In a paper published in the journal Science late last year, Google parent company Alphabet’s DeepMind detailed AlphaZero, an AI system that could teach itself how to master the game of chess, a Japanese variant of chess called shogi, and the Chinese board game Go. In each case, it beat a world champion, demonstrating a knack for learning two-person games with perfect information — that is to say, games where any decision is informed of all the events that have previously occurred.
But AlphaZero had the advantage of knowing the rules of games it was tasked with playing. In pursuit of a performant machine learning model capable of teaching itself the rules, a team at DeepMind devised MuZero, which combines a tree-based search (where a tree is a data structure used for locating information from within a set) with a learned model. MuZero predicts the quantities most relevant to game planning, such that it achieves industry-leading performance on 57 different Atari games and matches the performance of AlphaZero in Go, chess, and shogi.
The researchers say MuZero paves the way for learning methods in a host of real-world domains, particularly those lacking a simulator that communicates rules or environment dynamics.
“Planning algorithms … have achieved remarkable successes in artificial intelligence … However, these planning algorithms all rely on knowledge of the environment’s dynamics, such as the rules of the game or an accurate simulator,” wrote the scientists in a preprint paper describing their work. “Model-based … learning aims to address this issue by first learning a model of the environment’s dynamics, and then planning with respect to the learned model.”
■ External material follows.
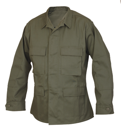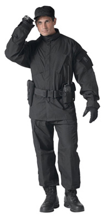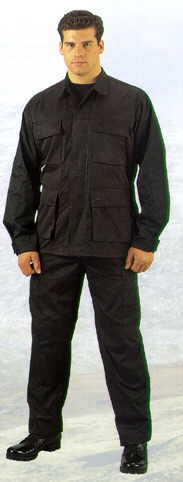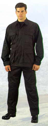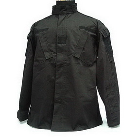 Neue Uniform in schwarz Ausführung. Im Schnitt identisch mit ACU. 5 Taschen Schräge Brusttaschen, Oberarmtaschen und Schreibzeugtasche am linken Vorderarm. Alle Taschen mit Klettflapp. Stehkragen und Manchette mit Klett, Frontreissverschluss und Klett Abdeckung. Doppelte Ellbogen mit Fach für Schoner Einschübe. Poly/Co Rip-Stop Gewebe. 65%Polyester/35%Baumwolle. Leicht, Abriebfest, trocknet sehr schnell und franst nicht aus. Hergestellt in China aber in US Auftrag.

Model-based reinforcement learning
Fundamentally, MuZero receives observations — i.e., images of a Go board or Atari screen — and transforms them into a hidden state. This hidden state is updated iteratively by a process that receives the previous state and a hypothetical next action, and at every step the model predicts the policy (e.g., the move to play), value function (e.g., the predicted winner), and immediate reward (e.g., the points scored by playing a move).
Intuitively, MuZero internally invents game rules or dynamics that lead to accurate planning.
As the DeepMind researchers explain, one form of reinforcement learning — the technique that’s at the heart of MuZero and AlphaZero, in which rewards drive an AI agent toward goals — involves models. This form models a given environment as an intermediate step, using a state transition model that predicts the next step and a reward model that anticipates the reward.
Commonly, model-based reinforcement learning focuses on directly modeling the observation stream at the pixel level, but this level of granularity is computationally expensive in large-scale environments. In fact, no prior method has constructed a model that facilitates planning in visually complex domains such as Atari; the results lag behind well-tuned model-free methods, even in terms of data efficiency.
For MuZero, DeepMind instead pursued an approach focusing on end-to-end prediction of a value function, where an algorithm is trained so that the expected sum of rewards matches the expected value with respect to real-world actions. The system has no semantics of the environment state but simply outputs policy, value, and reward predictions, which an algorithm similar to AlphaZero’s search (albeit generalized to allow for single-agent domains and intermediate rewards) uses to produce a recommended policy and estimated value. These in turn are used to inform an action and the final outcomes in played games.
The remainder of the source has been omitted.